Ein Ausschluss kann nur aus wichtigem Grund erfolgen. Wichtige Gründe sind insbesondere ein die Vereinsziele schädigendes Verhalten, die Verletzung satzungsmäßiger Pflichten oder Beitragsrückstände von mindestens einem Jahr. Über den Ausschluss entscheidet der Vorstand. Gegen den Ausschluss steht dem Mitglied die Berufung an die Mitgliederversammlung zu, die schriftlich binnen eines Monats an den Vorstand zu richten ist.
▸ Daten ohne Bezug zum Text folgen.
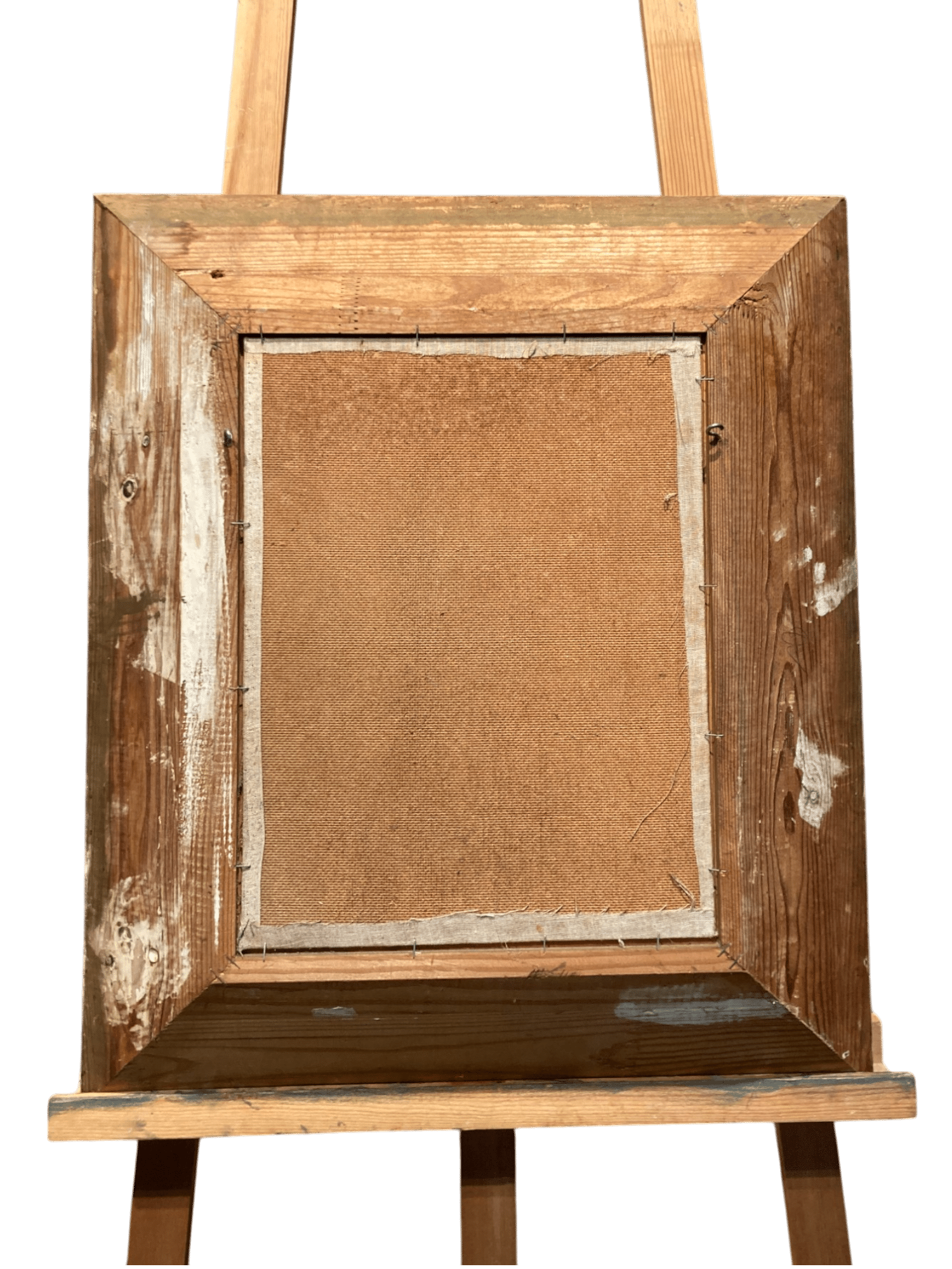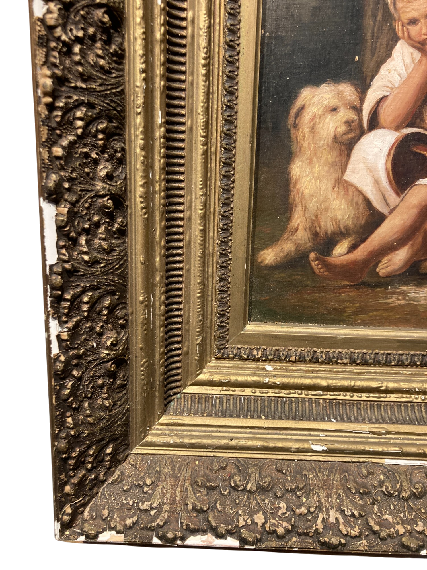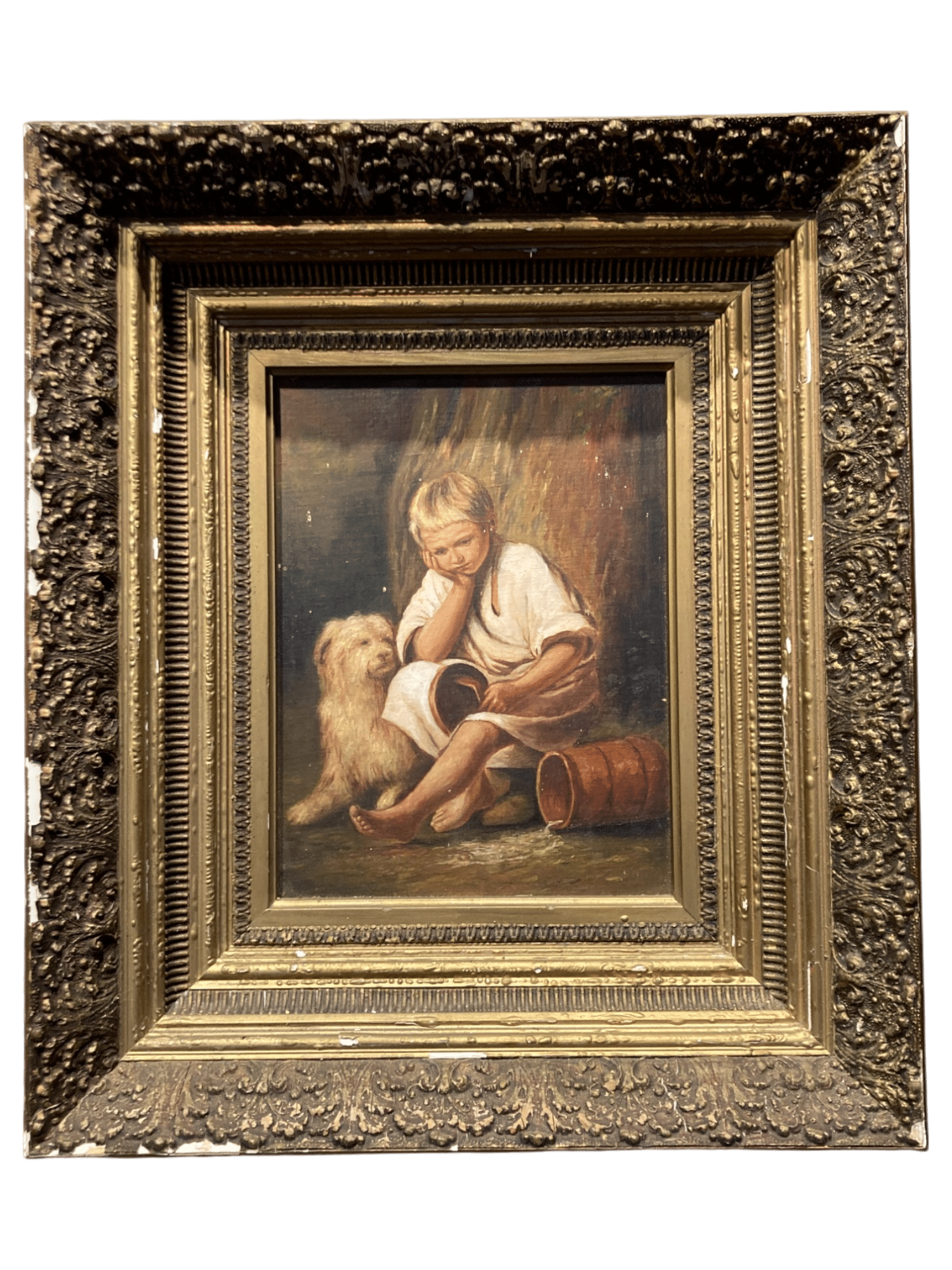 Peinture sur toile encadrée d'un jeune homme et son chien.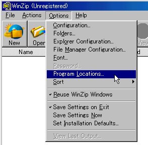 インストールが完了すると、デスクトップにWINZIPのアイコンができるはずです。 なければ作ってください。 又、tempフォルダの中はインストール後全部削除します。 ところで、このままではLzh形式の圧縮ファイルが解凍できません。そこで、このファイルも解凍できるように設定をします。(この設定の前にLHAをインストールしておきます) デスクトップのアイコンをダブルクリックするとWINZIPのファイルが開きますので、OptionからProgram Locationsをクリックして、 |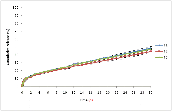Fig. 9: Ciprofloxacin release profile of F1 to F3 formulations

Die Mitgliederversammlung entscheidet im Rahmen des Vereins endgültig. Dem Mitglied bleibt die Überprüfung der Maßnahme durch Anrufung der ordentlichen Gerichte vorbehalten. Die Anrufung eines ordentlichen Gerichts hat aufschiebende Wirkung bis zur Rechtskraft der gerichtlichen Entscheidung.

§ 6 Beiträge
Von den Mitgliedern werden Beiträge erhoben. Die Höhe der Beiträge und deren Fälligkeit bestimmt die Mitgliederversammlung.

§ 7 Organe des Vereins
Organe des Vereins sind
die Mitgliederversammlung
der Vorstand.

§ 8 Mitgliederversammlung
Die Mitgliederversammlung ist das oberste Vereinsorgan. Zu ihren Aufgaben gehören insbesondere die Wahl und Abwahl des Vorstands, Entlastung des Vorstands, Entgegennahme der Berichte des Vorstandes, Wahl der Kassenprüfern/innen Festsetzung von Beiträgen und deren Fälligkeit, Beschlussfassung über die Änderung der Satzung, Beschlussfassung über die Auflösung des Vereins, Entscheidung über Aufnahme und Ausschluss von Mitgliedern in Berufungsfällen sowie weitere Aufgaben, soweit sich diese aus der Satzung oder nach dem Gesetz ergeben.

Im ersten Quartal eines jeden Geschäftsjahres findet eine ordentliche Mitgliederversammlung statt.

Der Vorstand ist zur Einberufung einer außerordentlichen Mitgliederversammlung verpflichtet, wenn mindestens ein Drittel der Mitglieder dies schriftlich unter Angabe von Gründen verlangt.

Die Mitgliederversammlung wird vom Vorstand unter Einhaltung einer Frist von einem Monat schriftlich unter Angabe der Tagesordnung einberufen. Die Frist beginnt mit dem auf die Absendung des Einladungsschreibens folgenden Tag. Das Einladungsschreiben gilt als den Mitgliedern zugegangen, wenn es an die letzte dem Verein bekannt gegebene Anschrift gerichtet war.

Die Tagesordnung ist zu ergänzen, wenn dies ein Mitglied bis spätestens eine Woche vor dem angesetzten Termin schriftlich beantragt. Die Ergänzung ist zu Beginn der Versammlung bekanntzumachen.

Anträge über die Abwahl des Vorstands, über die Änderung der Satzung und über die Auflösung des Vereins, die den Mitgliedern nicht bereits mit der Einladung zur Mitgliederversammlung zugegangen sind, können erst auf der nächsten Mitgliederversammlung beschlossen werden.

Die Mitgliederversammlung ist ohne Rücksicht auf die Zahl der erschienenen Mitglieder beschlussfähig.

Die Mitgliederversammlung wird von einem Vorstandsmitglied geleitet.

Zu Beginn der Mitgliederversammlung ist ein Schriftführer zu wählen.

Jedes Mitglied hat eine Stimme. Das Stimmrecht kann nur persönlich oder für ein Mitglied unter Vorlage einer schriftlichen Vollmacht ausgeübt werden.

Bei Abstimmungen entscheidet die einfache Mehrheit der abgegebenen Stimmen.

Satzungsänderungen und die Auflösung des Vereins können nur mit einer Mehrheit von 3/4 der anwesenden Mitglieder beschlossen werden.

Stimmenthaltungen und ungültige Stimmen bleiben außer Betracht.

Über die Beschlüsse der Mitgliederversammlung ist ein Protokoll anzufertigen, das vom Versammlungsleiter und dem Schriftführer zu unterzeichnen ist.